→ **What the task requires**
As you work through the listing below, copy each line exactly and drop the images.

→ **Source data**

================

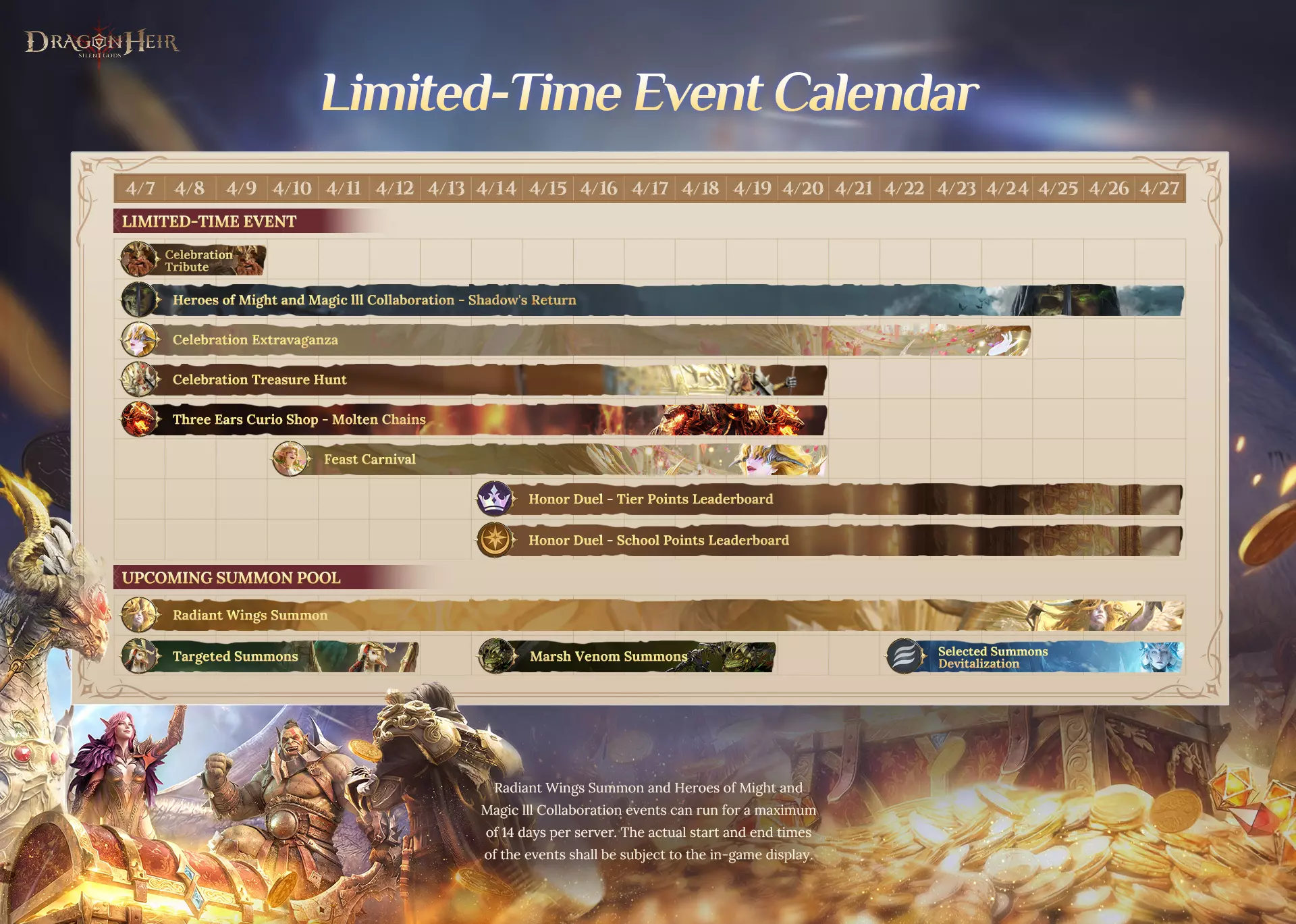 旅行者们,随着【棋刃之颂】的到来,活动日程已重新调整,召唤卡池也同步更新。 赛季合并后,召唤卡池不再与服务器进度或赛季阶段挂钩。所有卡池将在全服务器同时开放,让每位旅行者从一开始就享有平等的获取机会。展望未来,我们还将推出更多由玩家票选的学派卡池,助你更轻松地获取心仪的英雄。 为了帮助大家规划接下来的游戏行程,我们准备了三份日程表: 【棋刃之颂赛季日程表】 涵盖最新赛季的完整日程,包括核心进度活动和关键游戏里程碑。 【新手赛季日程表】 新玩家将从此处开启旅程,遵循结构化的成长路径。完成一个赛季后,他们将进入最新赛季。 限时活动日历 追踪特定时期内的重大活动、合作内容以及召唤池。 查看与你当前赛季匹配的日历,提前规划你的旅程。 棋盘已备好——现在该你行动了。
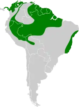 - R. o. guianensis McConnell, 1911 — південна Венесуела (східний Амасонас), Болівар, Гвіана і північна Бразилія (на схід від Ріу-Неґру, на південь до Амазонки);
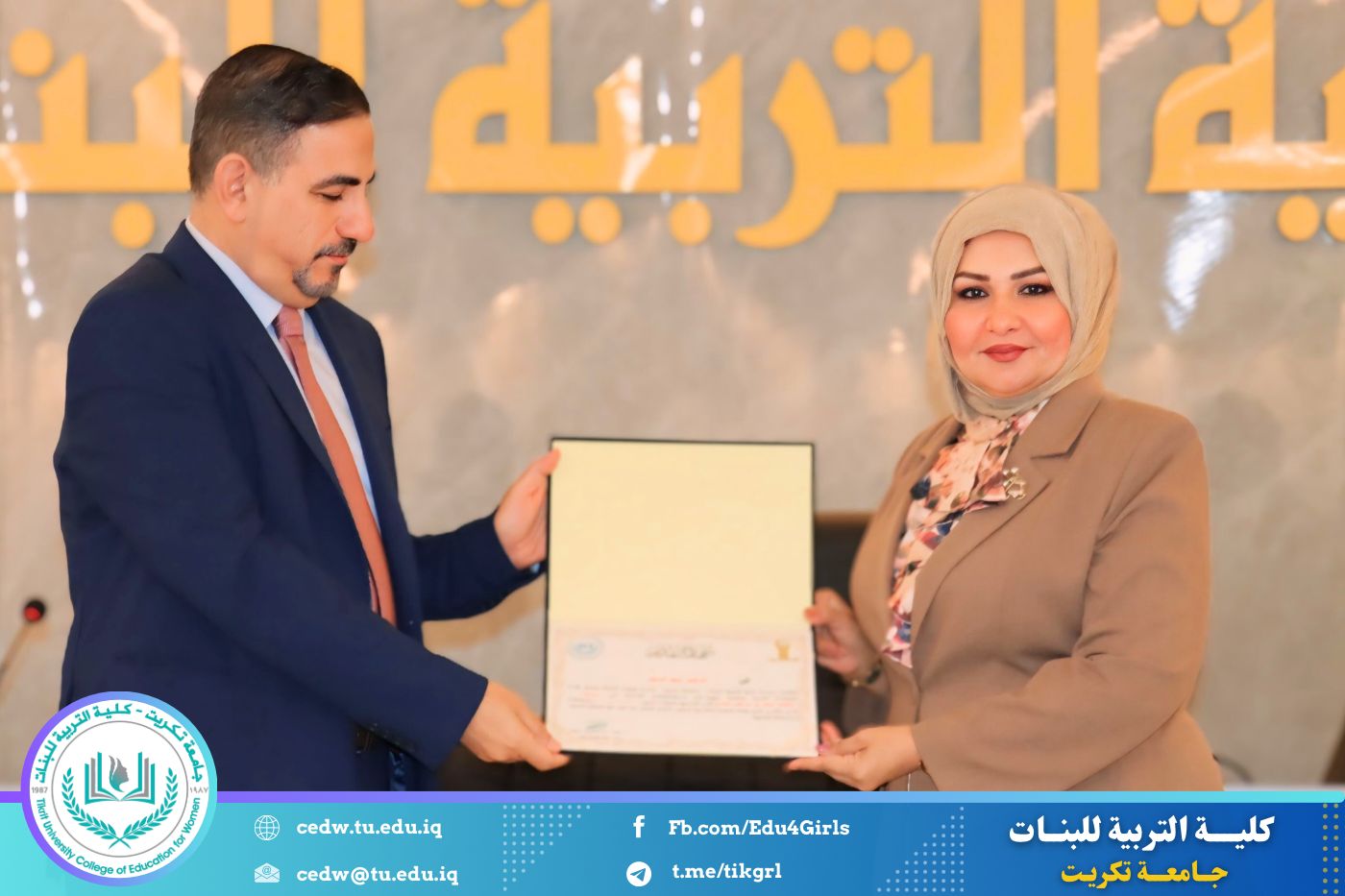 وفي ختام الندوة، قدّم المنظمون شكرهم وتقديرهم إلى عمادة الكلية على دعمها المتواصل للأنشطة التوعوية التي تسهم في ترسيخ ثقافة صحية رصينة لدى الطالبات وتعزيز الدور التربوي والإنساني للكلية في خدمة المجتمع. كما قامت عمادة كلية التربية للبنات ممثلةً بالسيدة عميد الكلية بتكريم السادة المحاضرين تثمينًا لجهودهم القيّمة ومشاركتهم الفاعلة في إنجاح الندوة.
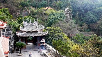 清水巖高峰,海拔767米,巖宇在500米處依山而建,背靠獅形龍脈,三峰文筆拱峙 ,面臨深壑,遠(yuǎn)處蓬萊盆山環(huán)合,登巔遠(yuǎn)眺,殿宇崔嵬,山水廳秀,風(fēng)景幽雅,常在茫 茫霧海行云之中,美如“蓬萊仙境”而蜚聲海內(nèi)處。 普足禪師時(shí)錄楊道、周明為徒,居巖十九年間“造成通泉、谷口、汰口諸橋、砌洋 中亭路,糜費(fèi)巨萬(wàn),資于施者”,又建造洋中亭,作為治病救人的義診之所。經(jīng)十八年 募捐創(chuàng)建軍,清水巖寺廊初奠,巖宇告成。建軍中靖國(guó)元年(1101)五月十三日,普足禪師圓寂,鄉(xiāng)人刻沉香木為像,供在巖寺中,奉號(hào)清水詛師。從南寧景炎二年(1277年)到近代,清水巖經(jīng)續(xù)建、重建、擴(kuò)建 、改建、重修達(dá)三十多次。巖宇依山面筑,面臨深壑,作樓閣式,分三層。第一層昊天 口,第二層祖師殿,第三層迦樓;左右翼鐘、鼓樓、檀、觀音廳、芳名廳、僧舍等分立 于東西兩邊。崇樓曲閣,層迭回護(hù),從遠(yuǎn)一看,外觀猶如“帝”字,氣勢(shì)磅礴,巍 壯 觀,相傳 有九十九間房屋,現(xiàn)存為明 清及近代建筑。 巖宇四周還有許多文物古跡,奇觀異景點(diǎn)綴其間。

================

→ **Exercise output**
 旅行者们,随着【棋刃之颂】的到来,活动日程已重新调整,召唤卡池也同步更新。 赛季合并后,召唤卡池不再与服务器进度或赛季阶段挂钩。所有卡池将在全服务器同时开放,让每位旅行者从一开始就享有平等的获取机会。展望未来,我们还将推出更多由玩家票选的学派卡池,助你更轻松地获取心仪的英雄。 为了帮助大家规划接下来的游戏行程,我们准备了三份日程表: 【棋刃之颂赛季日程表】 涵盖最新赛季的完整日程,包括核心进度活动和关键游戏里程碑。 【新手赛季日程表】 新玩家将从此处开启旅程,遵循结构化的成长路径。完成一个赛季后,他们将进入最新赛季。 限时活动日历 追踪特定时期内的重大活动、合作内容以及召唤池。 查看与你当前赛季匹配的日历,提前规划你的旅程。 棋盘已备好——现在该你行动了。
 - R. o. guianensis McConnell, 1911 — південна Венесуела (східний Амасонас), Болівар, Гвіана і північна Бразилія (на схід від Ріу-Неґру, на південь до Амазонки);
 وفي ختام الندوة، قدّم المنظمون شكرهم وتقديرهم إلى عمادة الكلية على دعمها المتواصل للأنشطة التوعوية التي تسهم في ترسيخ ثقافة صحية رصينة لدى الطالبات وتعزيز الدور التربوي والإنساني للكلية في خدمة المجتمع. كما قامت عمادة كلية التربية للبنات ممثلةً بالسيدة عميد الكلية بتكريم السادة المحاضرين تثمينًا لجهودهم القيّمة ومشاركتهم الفاعلة في إنجاح الندوة.
 清水巖高峰,海拔767米,巖宇在500米處依山而建,背靠獅形龍脈,三峰文筆拱峙 ,面臨深壑,遠(yuǎn)處蓬萊盆山環(huán)合,登巔遠(yuǎn)眺,殿宇崔嵬,山水廳秀,風(fēng)景幽雅,常在茫 茫霧海行云之中,美如“蓬萊仙境”而蜚聲海內(nèi)處。 普足禪師時(shí)錄楊道、周明為徒,居巖十九年間“造成通泉、谷口、汰口諸橋、砌洋 中亭路,糜費(fèi)巨萬(wàn),資于施者”,又建造洋中亭,作為治病救人的義診之所。經(jīng)十八年 募捐創(chuàng)建軍,清水巖寺廊初奠,巖宇告成。建軍中靖國(guó)元年(1101)五月十三日,普足禪師圓寂,鄉(xiāng)人刻沉香木為像,供在巖寺中,奉號(hào)清水詛師。從南寧景炎二年(1277年)到近代,清水巖經(jīng)續(xù)建、重建、擴(kuò)建 、改建、重修達(dá)三十多次。巖宇依山面筑,面臨深壑,作樓閣式,分三層。第一層昊天 口,第二層祖師殿,第三層迦樓;左右翼鐘、鼓樓、檀、觀音廳、芳名廳、僧舍等分立 于東西兩邊。崇樓曲閣,層迭回護(hù),從遠(yuǎn)一看,外觀猶如“帝”字,氣勢(shì)磅礴,巍 壯 觀,相傳 有九十九間房屋,現(xiàn)存為明 清及近代建筑。 巖宇四周還有許多文物古跡,奇觀異景點(diǎn)綴其間。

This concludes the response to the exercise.